El secretario general de la ONU Ban Ki-moon dijo el lunes que es responsabilidad del gobierno sirio garantizar la libertad de movimiento dentro del país a los observadores del organismo internacional que monitorean la tregua decretada hace cinco días en el país, la cual parece estarse desmoronando debido a que fuerzas del gobierno atacaron el bastión opositor de Homs con artillería de proyectiles y morteros, según dijeron activistas.

Aunque la violencia en general ha declinado considerablemente, los ataques del gobierno durante el fin de semana han provocado nuevas dudas sobre el compromiso del presidente Bashar Assad con el plan del enviado especial Kofi Annan para poner fin a los 13 meses de violencia e iniciar conversaciones sobre el futuro político de Siria.

El grupo de avanzada de seis observadores de la ONU llegó a Damasco el domingo por la noche y estaba negociando las normas básicas de la misión con autoridades sirias.

Ban, hablando con reporteros en Bruselas, hizo un llamado al régimen de Assad para que garantice que los observadores no serán obstaculizados de ninguna manera en su misión

"Es responsabilidad del gobierno sirio garantizar la libertad de acceso, libertad de movimiento dentro del país", señaló. "Se les debe permitir trasladarse libremente a cualquier lugar donde podrán observar este cese de la violencia", señaló.

Ban calificó el cese al fuego como "muy frágil", pero dijo que era esencial que se mantenga para que "pueda continuar un diálogo político". Agregó que las fuerzas de oposición "deberían también cooperar totalmente".

Ban indicó que la ONU planea incrementar el grupo de avanzada a 30 personas, todas ellas desarmadas, y que se espera que el Consejo de Seguridad del organismo autorice más tarde durante esta semana un equipo formal de monitoreo de aproximadamente 250 personas.

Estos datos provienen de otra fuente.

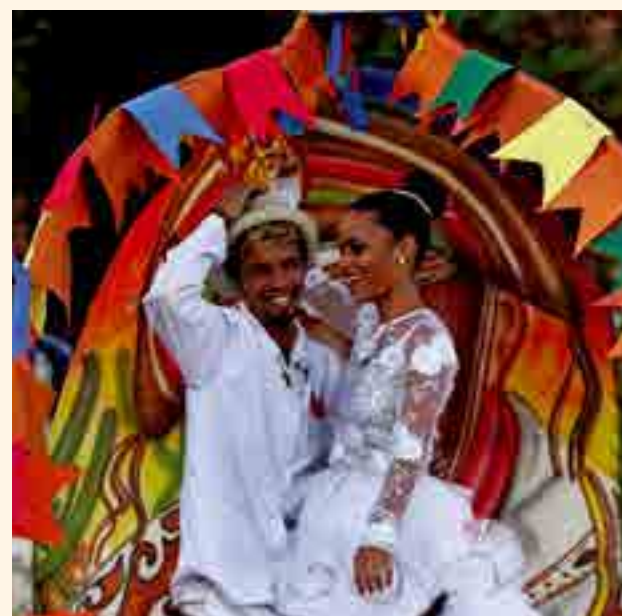
Concurso de Carroças aqueceu petrolinenses para o São João

El portavoz de Annan, Ahmad Fawzi, dijo que el equipo está encabezado por el coronel marroquí Ahmed Himmiche, y que los otros observadores llegarán en los próximos días.

El Consejo de Seguridad exigió acceso total al equipo de la ONU, pero el régimen podría tratar de crear obstáculos. El fracaso a inicios del año de una misión de observadores de la Liga Arabe fue atribuido en parte a restricciones impuestas por el régimen a los monitores, incluida la imposición de que viajaran con supervisores del gobierno.

Fawzi dijo en un comunicado emitido el lunes en Ginebra que la misión "comenzará con la apertura de una oficina y conversará con el gobierno sirio y las fuerzas de oposición para que las partes comprendan perfectamente el papel de los observadores", señaló.

"Iniciaremos nuestra misión tan pronto como sea posible y esperamos que será un éxito", destacó Himmiche en declaraciones a The Associated Press cuando salía de su hotel en Damasco junto con los miembros de su equipo el lunes por la mañana.

La comunidad internacional espera que los observadores de la ONU sean capaces de estabilizar el cese al fuego, el cual inició formalmente el jueves, aunque han persistido focos de violencia, particularmente en las ciudades centrales de Hama y Homs.

Tarek Badrakhan, un activista del destrozado y casi desierto distrito de Jaldiyé, en Homs, dijo que el régimen reanudó el lunes temprano su bombardeo intenso contra el barrio por tercer día consecutivo.

"El bombardeo no ha parado ni un minuto desde esta mañana. Hay edificios incendiados en este momento", señaló vía Skype.

Dos grupos activistas, Comités de Coordinación Local y el Observatorio Sirio de Derechos Humanos, con sede en Inglaterra, confirmaron el bombardeo intenso contra Homs y agregaron que dos personas murieron el lunes en Hama cuando fuerzas de seguridad dispararon a su vehículo.